Make evicted_rows a UVA buffer (pytorch#3079)

Summary: Pull Request resolved: pytorch#3079 X-link: facebookresearch/FBGEMM#173 Prior to this diff, SSD-TBE used a combination of a pinned CPU buffer and the GPU buffer for `evicted_rows` (the buffer for staging rows that are evicted from L1 cache). It explicitly performed asynchronous memory copy (via `cudaMemcpyAsync`) to transfer `evicted_rows` from device to host. Since the number of evicted rows is known only on the device, SSD-TBE overallocated the `evicted_rows` CPU and GPU buffers. Therefore, it transferred extra data during the device-host memory copy. Such the extra data could be large and could make the memory copy a bottleneck of an execution. This diff mitigates the problem mentioned above by using a unified address buffer for `evicted_rows` and using a kernel (namely `masked_index_select` to load/store data instead of using a CUDA memory copy operation. This mechanism can avoid the extra memory copy. However, the memory copy can be less efficient (might not be able to fully saturate the available memory bandwidth) since it does not use the copy engine. Moreover, since it uses SMs for memory copy, when overlapping the operator with other computes, it can potentially compete for the SM resources with others. Reviewed By: q10 Differential Revision: D62114877 fbshipit-source-id: d91ad0be2820ac21033270f14a784a0bc3193d78
ROCm · Sep 5, 2024 · 53d84ad · 53d84ad
1 parent e48b9f7
commit 53d84ad
Showing 1 changed file with 58 additions and 15 deletions.
diff --git a/fbgemm_gpu/fbgemm_gpu/tbe/ssd/training.py b/fbgemm_gpu/fbgemm_gpu/tbe/ssd/training.py
@@ -310,6 +310,22 @@ def __init__(
                 * self.lxu_cache_weights.element_size()
             ), "The precomputed cache_size does not match the actual cache size"
 
+        # For storing weights to evict
+        # The max number of rows to be evicted is limited by the number of
+        # slots in the cache.

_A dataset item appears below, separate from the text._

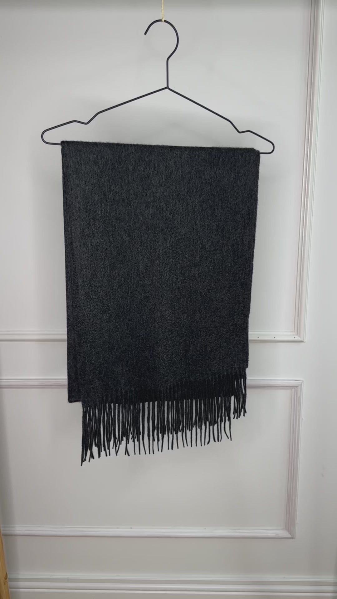 Stilfuldt og elegant damesjal med frynser i mørkegrå. Vores sjaler i 100% Cashmere er lavet af den fineste kvalitet Cashmere uld, som er kendt for sin blødhed, varmeevne og åndbarhed. Cashmere er en type uld, som er opnået fra Cashmere geden, og er kendt for at være en af de blødeste og mest luksuriøse typer af uld.

Thus, we allocate `lxu_cache_evicted_weights` to
+        # be the same shape as the L1 cache (lxu_cache_weights)
+        self.register_buffer(
+            "lxu_cache_evicted_weights",
+            torch.ops.fbgemm.new_unified_tensor(
+                torch.zeros(
+                    1,
+                    device=self.current_device,
+                    dtype=cache_dtype,
+                ),
+                self.lxu_cache_weights.shape,
+                is_host_mapped=self.uvm_host_mapped,
+            ),
+        )
         self.timestep = 0
 
         # Dummy profile configuration for measuring the SSD get/set time
@@ -419,8 +435,10 @@ def __init__(
 
         # SSD get completion event
         self.ssd_event_get = torch.cuda.Event()
-        # SSD eviction completion event
-        self.ssd_event_evict = torch.cuda.Event()
+        # SSD scratch pad eviction completion event
+        self.ssd_event_sp_evict = torch.cuda.Event()
+        # SSD cache eviction completion event
+        self.ssd_event_cache_evict = torch.cuda.Event()
         # SSD backward completion event
         self.ssd_event_backward = torch.cuda.Event()
         # SSD get's input copy completion event
@@ -876,7 +894,7 @@ def _evict_from_scratch_pad(self, grad: Tensor) -> None:
                 actions_count_cpu=actions_count_cpu,
                 stream=self.ssd_eviction_stream,
                 pre_event=self.ssd_event_backward,
-                post_event=self.ssd_event_evict,
+                post_event=self.ssd_event_sp_evict,
                 is_rows_uvm=True,
                 name="scratch_pad",
             )
@@ -1066,13 +1084,35 @@ def prefetch(  # noqa C901
                     self.local_ssd_cache_stats,
                 )
 
+            # Allocate output tensors for compact_indices
+            compact_evicted_indices = torch.empty_like(evicted_indices)
+            compact_assigned_cache_slots = torch.empty_like(assigned_cache_slots)
+            compact_actions_count_gpu = torch.empty_like(actions_count_gpu)
+
+            # Defrag indices based on evicted_indices (removing -1 and making
+            # the non -1 elements contiguous). We need to do this because the
+            # number of rows in `lxu_cache_evicted_weights` might be smaller
+            # than the number of elements in `evicted_indices`. Without this
+            # step, we can run into the index out of bound issue
+            current_stream.wait_event(self.ssd_event_cache_evict)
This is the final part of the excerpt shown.